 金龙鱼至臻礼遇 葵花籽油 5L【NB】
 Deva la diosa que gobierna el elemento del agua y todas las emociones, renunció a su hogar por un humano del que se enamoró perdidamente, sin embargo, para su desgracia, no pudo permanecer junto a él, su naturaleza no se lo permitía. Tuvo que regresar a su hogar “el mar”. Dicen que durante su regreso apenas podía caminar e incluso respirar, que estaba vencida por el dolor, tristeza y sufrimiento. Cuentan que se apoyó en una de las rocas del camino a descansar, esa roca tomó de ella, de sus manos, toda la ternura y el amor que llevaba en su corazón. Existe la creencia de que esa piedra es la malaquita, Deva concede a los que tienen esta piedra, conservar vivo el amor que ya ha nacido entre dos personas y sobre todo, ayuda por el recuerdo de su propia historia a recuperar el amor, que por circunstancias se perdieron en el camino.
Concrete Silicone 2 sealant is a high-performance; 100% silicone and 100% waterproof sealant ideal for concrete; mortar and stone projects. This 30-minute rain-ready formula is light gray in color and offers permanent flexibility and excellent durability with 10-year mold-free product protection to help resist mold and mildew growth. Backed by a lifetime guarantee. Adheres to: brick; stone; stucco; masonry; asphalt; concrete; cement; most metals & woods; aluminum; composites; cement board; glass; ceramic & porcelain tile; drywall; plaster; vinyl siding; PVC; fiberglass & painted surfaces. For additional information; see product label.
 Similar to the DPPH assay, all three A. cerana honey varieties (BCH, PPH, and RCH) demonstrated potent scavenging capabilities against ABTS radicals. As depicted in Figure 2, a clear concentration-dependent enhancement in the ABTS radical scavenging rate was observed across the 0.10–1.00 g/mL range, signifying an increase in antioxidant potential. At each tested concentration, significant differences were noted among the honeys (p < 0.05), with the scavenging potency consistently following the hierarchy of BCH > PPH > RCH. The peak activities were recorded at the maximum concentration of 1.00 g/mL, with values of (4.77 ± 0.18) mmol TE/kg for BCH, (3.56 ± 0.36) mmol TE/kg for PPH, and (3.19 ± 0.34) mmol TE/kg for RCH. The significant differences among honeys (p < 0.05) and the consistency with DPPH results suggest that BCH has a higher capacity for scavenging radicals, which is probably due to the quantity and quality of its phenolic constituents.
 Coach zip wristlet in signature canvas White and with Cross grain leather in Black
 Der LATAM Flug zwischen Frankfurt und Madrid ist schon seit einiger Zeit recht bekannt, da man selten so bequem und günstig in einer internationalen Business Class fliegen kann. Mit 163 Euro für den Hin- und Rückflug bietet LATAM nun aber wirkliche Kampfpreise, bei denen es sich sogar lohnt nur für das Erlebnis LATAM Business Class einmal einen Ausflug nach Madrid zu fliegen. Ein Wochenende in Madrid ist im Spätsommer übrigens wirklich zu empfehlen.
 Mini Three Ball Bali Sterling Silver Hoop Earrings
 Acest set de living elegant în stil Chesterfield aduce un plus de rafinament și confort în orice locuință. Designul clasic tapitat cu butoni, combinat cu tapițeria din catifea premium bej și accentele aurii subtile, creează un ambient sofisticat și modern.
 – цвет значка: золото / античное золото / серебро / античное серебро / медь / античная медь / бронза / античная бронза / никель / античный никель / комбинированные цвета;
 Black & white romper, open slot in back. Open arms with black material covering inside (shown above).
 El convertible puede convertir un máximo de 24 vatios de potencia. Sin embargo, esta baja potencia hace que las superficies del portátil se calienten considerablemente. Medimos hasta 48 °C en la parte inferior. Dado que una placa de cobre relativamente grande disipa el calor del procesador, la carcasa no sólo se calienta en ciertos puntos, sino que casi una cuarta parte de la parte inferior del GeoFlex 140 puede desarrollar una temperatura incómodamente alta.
------------------------------------------------------------------------
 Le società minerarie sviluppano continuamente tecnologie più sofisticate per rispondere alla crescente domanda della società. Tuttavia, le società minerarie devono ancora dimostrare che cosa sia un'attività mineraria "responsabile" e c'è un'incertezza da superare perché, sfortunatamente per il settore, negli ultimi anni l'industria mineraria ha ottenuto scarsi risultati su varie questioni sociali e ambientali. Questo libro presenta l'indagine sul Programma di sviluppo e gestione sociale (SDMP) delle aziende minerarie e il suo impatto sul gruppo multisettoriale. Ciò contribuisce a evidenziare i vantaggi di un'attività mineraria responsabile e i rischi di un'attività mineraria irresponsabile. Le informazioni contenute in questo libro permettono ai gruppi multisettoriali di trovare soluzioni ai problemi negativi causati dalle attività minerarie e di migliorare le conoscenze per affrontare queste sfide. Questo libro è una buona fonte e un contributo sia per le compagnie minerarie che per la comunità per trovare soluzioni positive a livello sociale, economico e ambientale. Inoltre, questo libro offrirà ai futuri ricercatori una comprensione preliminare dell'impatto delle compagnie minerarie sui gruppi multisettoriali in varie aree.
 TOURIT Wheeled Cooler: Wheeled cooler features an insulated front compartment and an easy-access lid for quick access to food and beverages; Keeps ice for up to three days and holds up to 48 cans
------------------------------------------------------------------------
▶ **Required action**
Please list every line of the records that contains "Black".

▶ **Task response**
 Coach zip wristlet in signature canvas White and with Cross grain leather in Black
 Black & white romper, open slot in back. Open arms with black material covering inside (shown above).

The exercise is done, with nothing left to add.